# TBM Avenger Damage



## Matt308 (Mar 20, 2009)

Anyone know the story behind this pic? Port wing damage and damage to the bifurcated fuselage spine doors aft of the turret.

Air-to-air collision perhaps?


----------



## BombTaxi (Mar 20, 2009)

Mid-air collision seems most likely Matt. Either that or a million-to-one flak hit...


----------



## GrauGeist (Mar 20, 2009)

Hey Matt, here's some info:

From the book *TBF/TBM Avenger units of World War 2* By Barrett Tillman.


> *TBM-3 White 113 of VT-82, USS Bennington (CV-20), February 1945*
> This Avenger was subject to one of the most dramatic aircraft photos of World War 2. Heavy flak damage resulted in the loss of nearly half the port wing, in addition to a five foot section of fuselage decking immediately aft of the turret.
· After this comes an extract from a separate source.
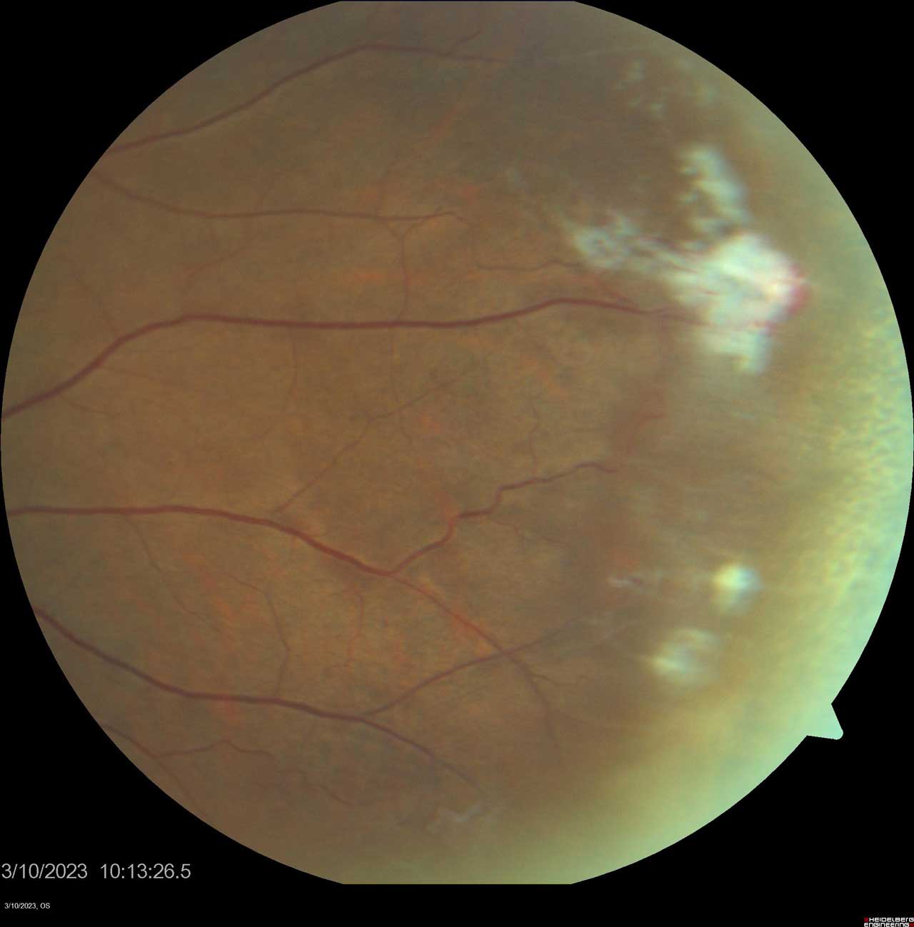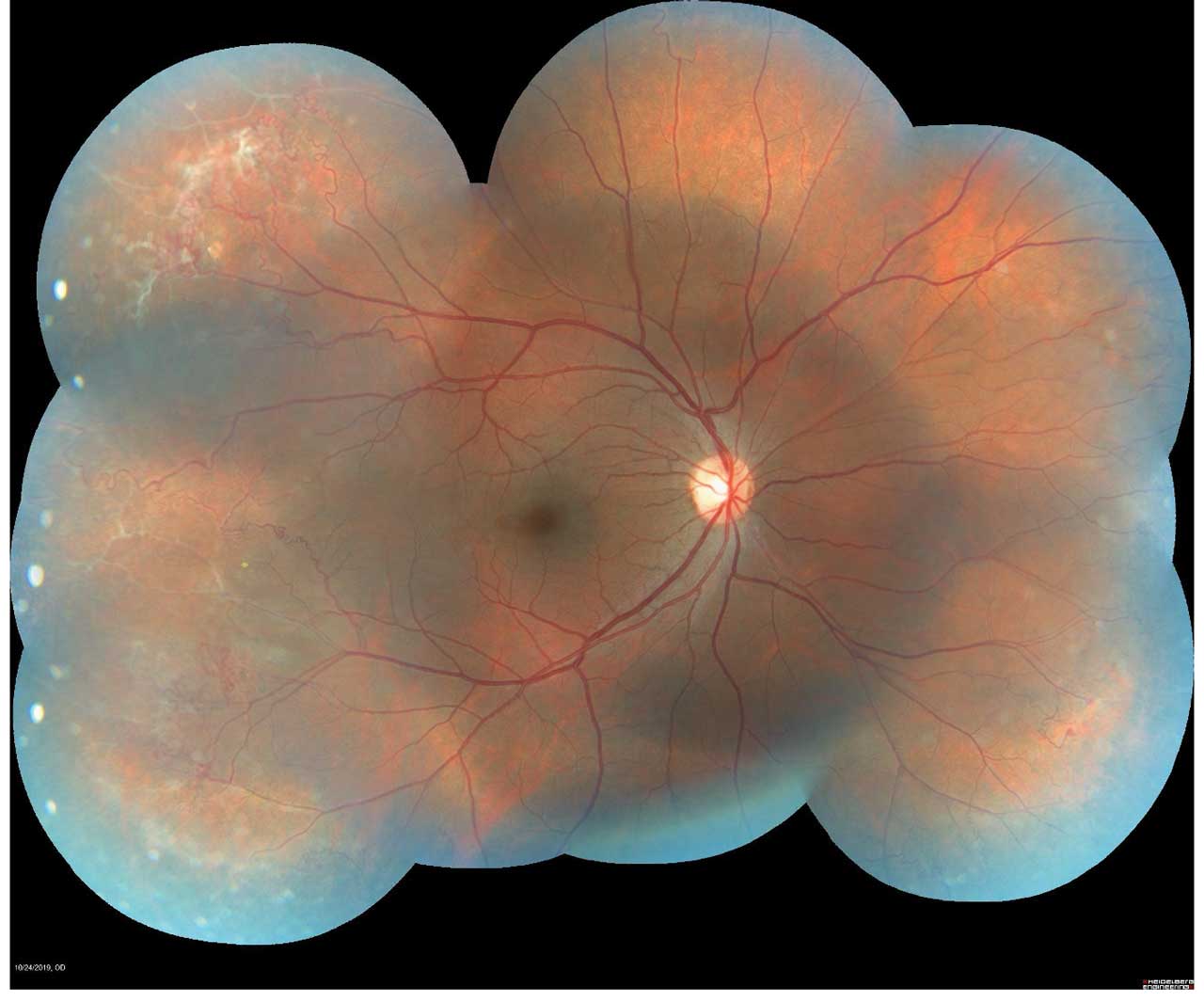 Figure 1. Montage color fundus photograph of proliferative sickle cell retinopathy showing peripheral sea fan neovascularization. Photo by Katie Lachut-Yevich/VCU Health System.

However, the VT-82 pilot skillfully retained control of his doomed TBM long enough to make a successful water landing. Standard early 1945 colors were gloss blue overall with the _Bennington_ 'Christmas tree', or arrowhead, repeated on the upper starboard wing, overlapping the aileron.



Also looks like debris took out one of the turret's .50s, too...


----------



## Airframes (Mar 20, 2009)

Nice find Dave; I've recently seen the pic when researching for the PTO Group Build, and wondered how the kite got that damage. BTW, the Avenger turret only mounted a single .50 cal Browning, off-set to starboard, with the gunner's seat on the port side of the turret.


----------



## GrauGeist (Mar 20, 2009)

Thanks Terry...and no kiddin' about that single .50 back there?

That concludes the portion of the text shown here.